THE TASK: Please retype every entry as written, and keep the pictures out.

AVAILABLE DATA START

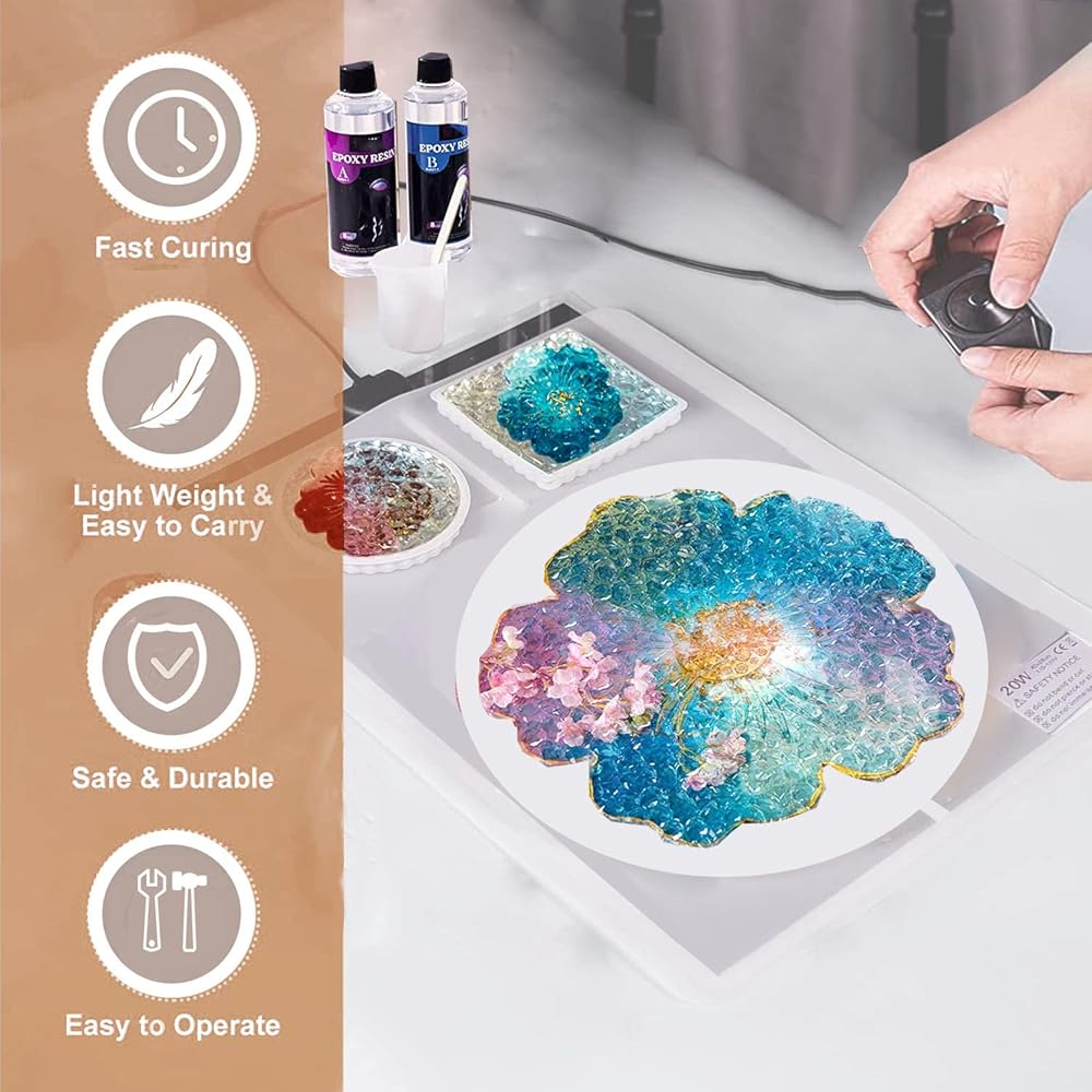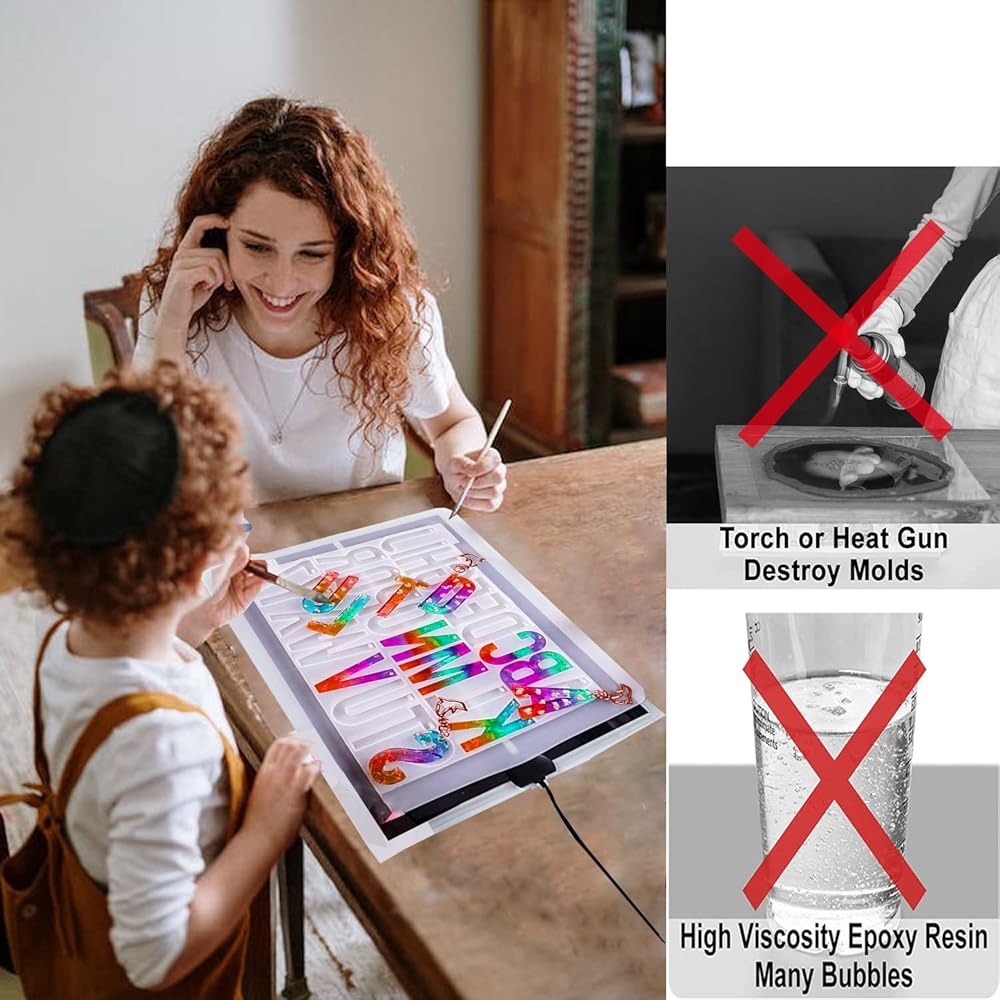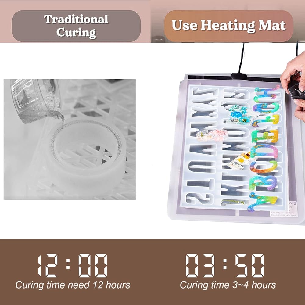 【وسادة سيليكون】وسادة السيليكون مقاس 15.5 انش × 11.6 انش مجهزة خصيصًا في مجموعة وسادة المعالجة المصنوعة من الراتنج، ضع وسادة السيليكون على وسادة المعالجة المصنوعة من الراتنج للحفاظ على الدفء ومنع الايبوكسي من الالتصاق بلوحة التسخين. وسادة السيليكون كبيرة جدًا ويمكن استخدامها في وقت واحد حيث تعالج قوالب قواعد الأكواب المتعددة أو قالب واحد بمساحة كبيرة. يمكنك أيضًا استخدام وسادات السيليكون وحدها في سيناريوهات أخرى للحفاظ على نظافة مكتبك.
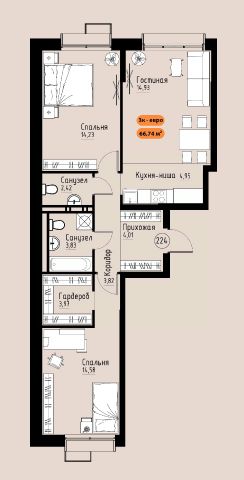 Продаётся 1-комнатная квартира в строящемся доме (Премьер парк), срок сдачи: III-кв. 2029, общей площадью 66.74 кв.м., на 16 этаже. Жилой комплекс "Премьер Парк" расположен в живописном микрорайоне Тихие Зори города Красноярска, неподалеку от реки Енисей и знаменитого железнодорожного моста, удостоенного гран-при наравне с Эйфелевой башней. Вблизи комплекса находятся такие достопримечательности, как фан-парк "Бобровый Лог", заповедник "Столбы" и река Базаиха с её живописной поймой. Чтобы провести время на природе понадобиться потратить всего несколько минут на дорогу.
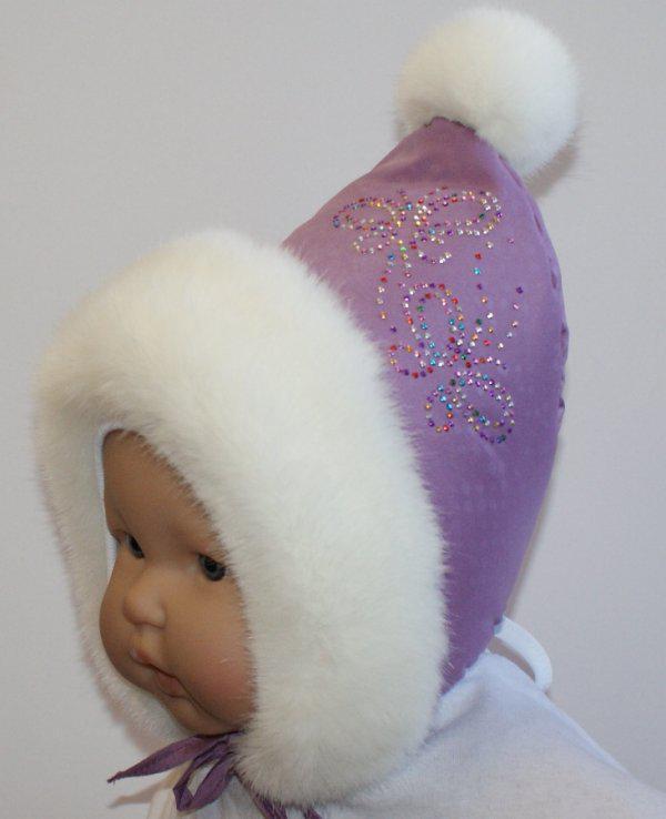 Шапка зимняя для девочки из плащевой ткани с отделкой из искусственного меха,с утеплителем из синтепона, на трикотажной подкладке из хлопка (кулирка)
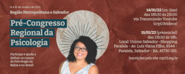 Nos dias 14 e 15 de janeiro de 2022 ocorre o Pré-Congresso Regional da Psicologia Salvador e Região Metropolitana
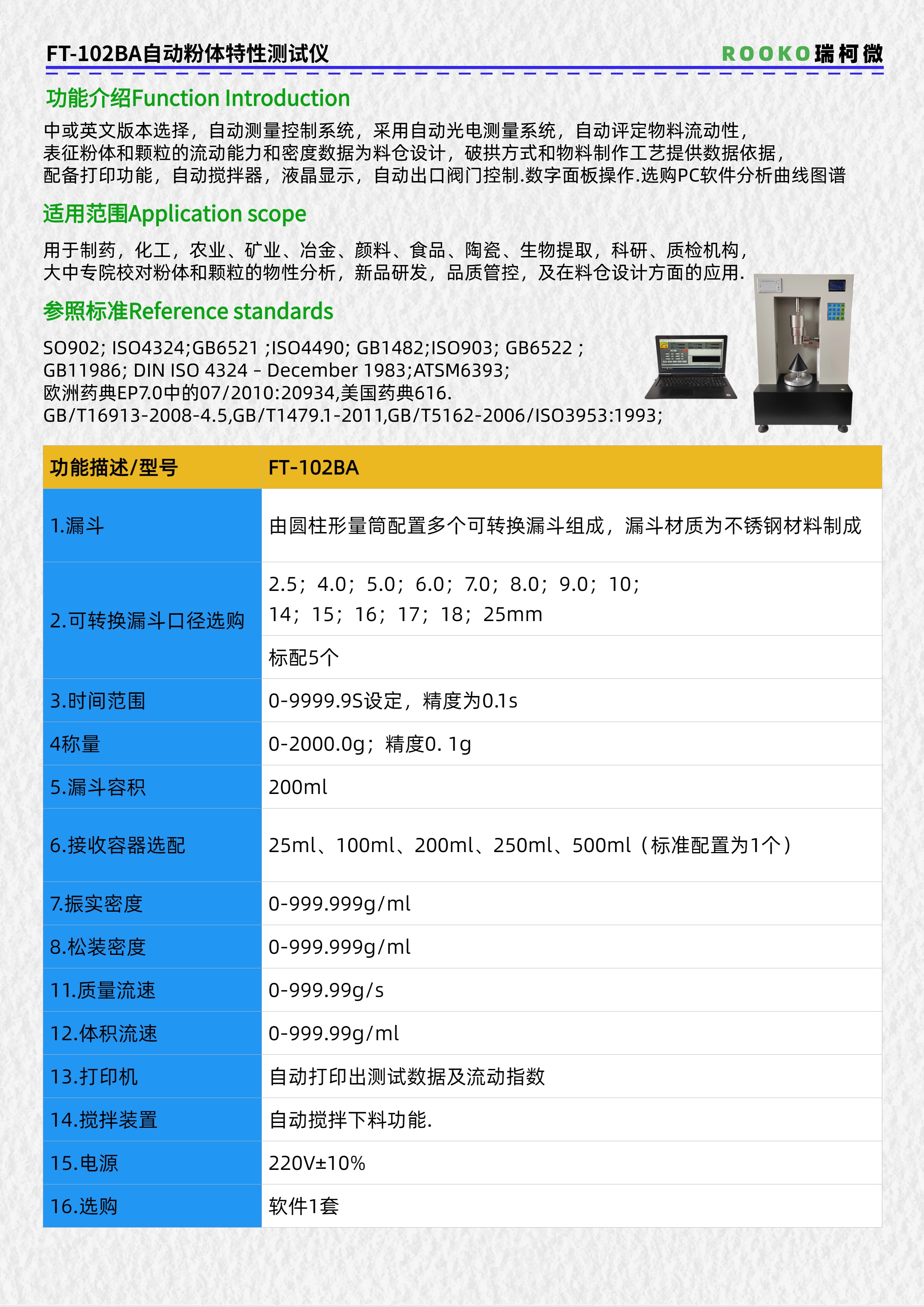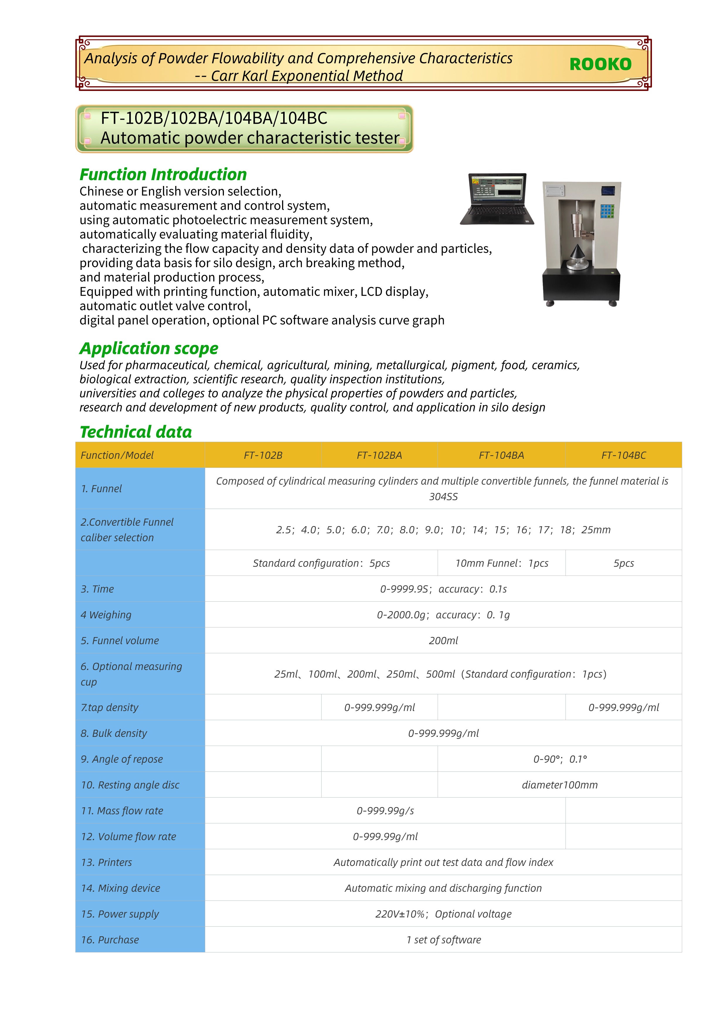 FT-102B 102BA 104BA 104BC粉體特性測(cè)試儀
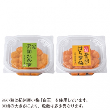 | 内容 | ●梅干<小粒茶の間のお茶事>(塩分約6%)・<小粒茶の間のはち蜜梅>(塩分約4%)各100g ●賞味期間180日 ●紀州産 ●包装有 |
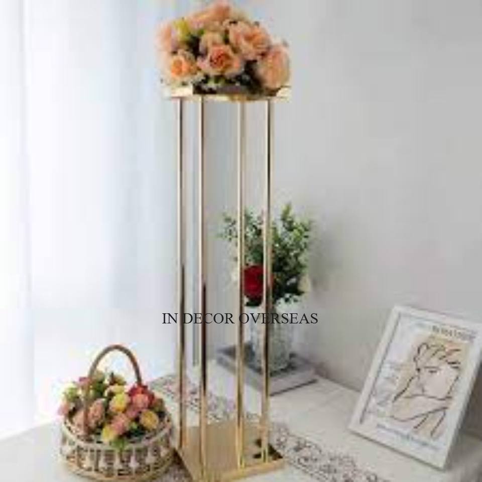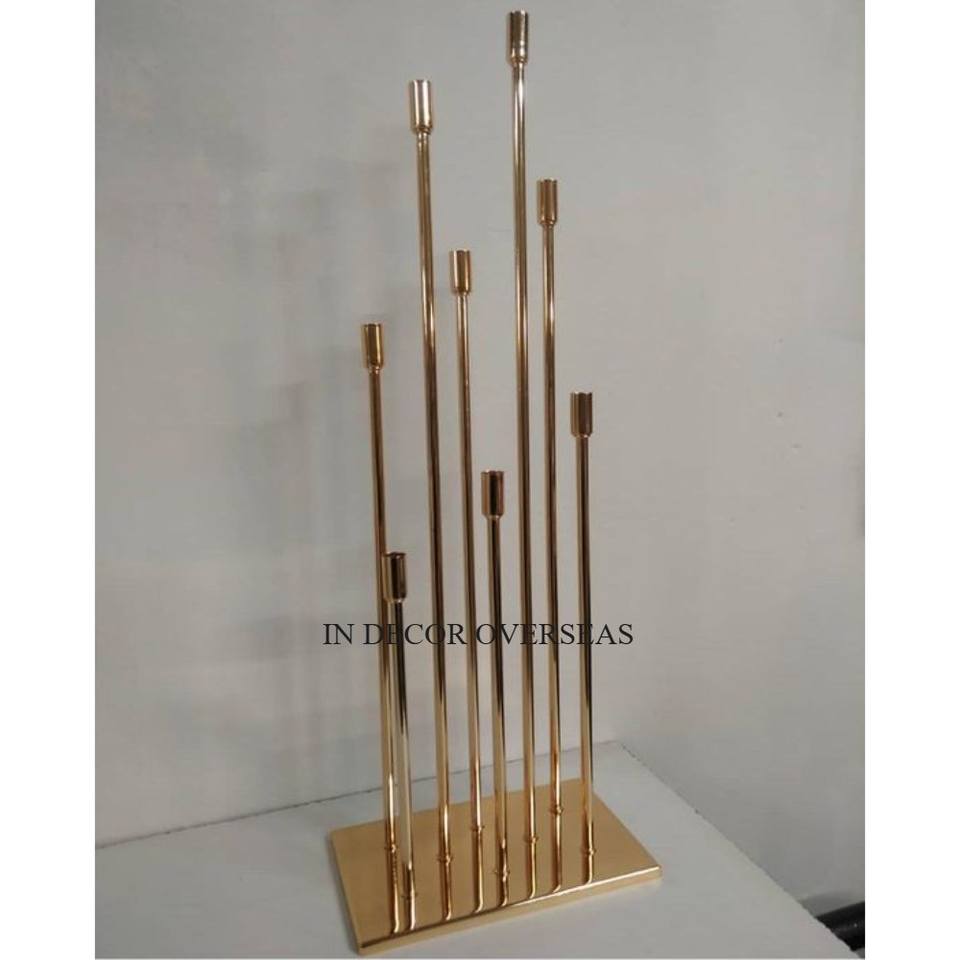 เครื่องประดับชิ้นกลางโต๊ะสำหรับงานแต่งงานทำจากโลหะชุบทองดีไซน์เนอร์เป็นจำนวนมาก

AVAILABLE DATA END

YOUR RESPONSE:
 【وسادة سيليكون】وسادة السيليكون مقاس 15.5 انش × 11.6 انش مجهزة خصيصًا في مجموعة وسادة المعالجة المصنوعة من الراتنج، ضع وسادة السيليكون على وسادة المعالجة المصنوعة من الراتنج للحفاظ على الدفء ومنع الايبوكسي من الالتصاق بلوحة التسخين. وسادة السيليكون كبيرة جدًا ويمكن استخدامها في وقت واحد حيث تعالج قوالب قواعد الأكواب المتعددة أو قالب واحد بمساحة كبيرة. يمكنك أيضًا استخدام وسادات السيليكون وحدها في سيناريوهات أخرى للحفاظ على نظافة مكتبك.
 Продаётся 1-комнатная квартира в строящемся доме (Премьер парк), срок сдачи: III-кв. 2029, общей площадью 66.74 кв.м., на 16 этаже. Жилой комплекс "Премьер Парк" расположен в живописном микрорайоне Тихие Зори города Красноярска, неподалеку от реки Енисей и знаменитого железнодорожного моста, удостоенного гран-при наравне с Эйфелевой башней. Вблизи комплекса находятся такие достопримечательности, как фан-парк "Бобровый Лог", заповедник "Столбы" и река Базаиха с её живописной поймой. Чтобы провести время на природе понадобиться потратить всего несколько минут на дорогу.
 Шапка зимняя для девочки из плащевой ткани с отделкой из искусственного меха,с утеплителем из синтепона, на трикотажной подкладке из хлопка (кулирка)
 Nos dias 14 e 15 de janeiro de 2022 ocorre o Pré-Congresso Regional da Psicologia Salvador e Região Metropolitana
 FT-102B 102BA 104BA 104BC粉體特性測(cè)試儀
 | 内容 | ●梅干<小粒茶の間のお茶事>(塩分約6%)・<小粒茶の間のはち蜜梅>(塩分約4%)各100g ●賞味期間180日 ●紀州産 ●包装有 |
 เครื่องประดับชิ้นกลางโต๊ะสำหรับงานแต่งงานทำจากโลหะชุบทองดีไซน์เนอร์เป็นจำนวนมาก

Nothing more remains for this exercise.